Following some trouble getting the Google Crawler to parse our AngularJS site, we're using Prerender to serve a crawler-friendly version of our pages.
This has worked well - except Webmaster Tools indicates that our site speed has worsened considerably, due to Prerender's latency. We're concerned this will impact ranking.
So two questions:
Does Google use the Prerender pages in measuring site speed - or the (true) Javascript-enabled version of our site? We suspect it's the former.
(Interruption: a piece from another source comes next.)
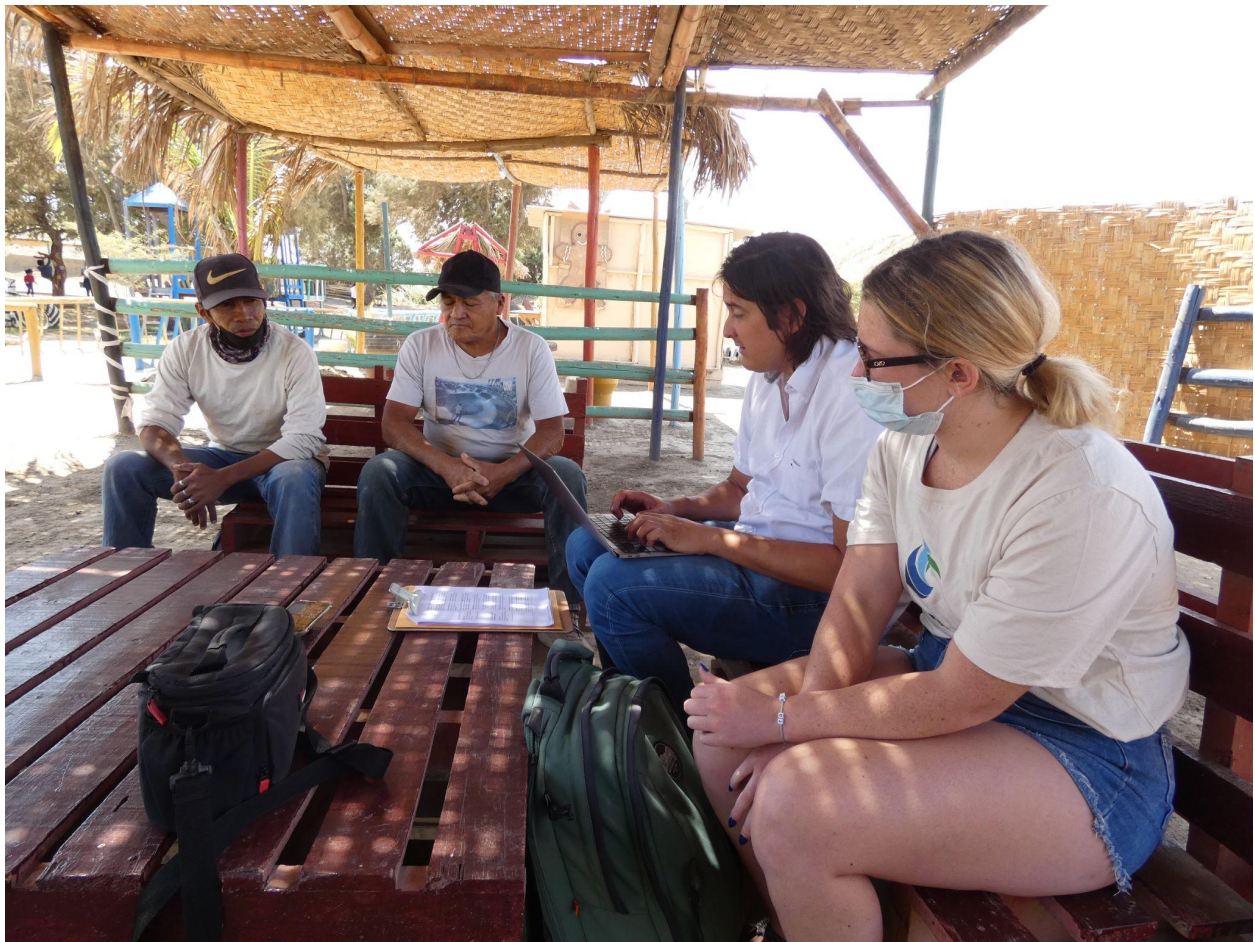
Foto 1. Entrevista con Trabajadores Municipales

como meta del proyecto a la hora de conversar con este grupo de stakeholders, particularmente si se trata de un municipalista de cargo administrativo o con autoridad política.

One possible solution is to cache the Prerendered pages. However these cached pages may not perfectly match what the user sees, due to the time delay between the page being put into cache and returned to the crawler - e.g. we may add additional products to the page and the title/metatags reflect the number of products available at any one time. Are these small differences to title, meta descriptions and page content sufficient to risk a cloaking penalty? If so, what is the alternative to caching?
Many thanks for any help.
When it comes to crawl speed, Google uses the Prerender page response time. This is why it's important to cache your pages so that the Prerender server doesn't have to load the page in the browser each time. Returning cached pages will make Googlebot crawl your site very fast.
As long as you are using the ?_escaped_fragment_=
protocol and not matching on the Googlebot user agent, you won't be penalized for cloaking even if the pages differ in the ways you mentioned. Just don't match on the Googlebot user agent and don't try to pad your Prerender pages with keywords and you'll be fine.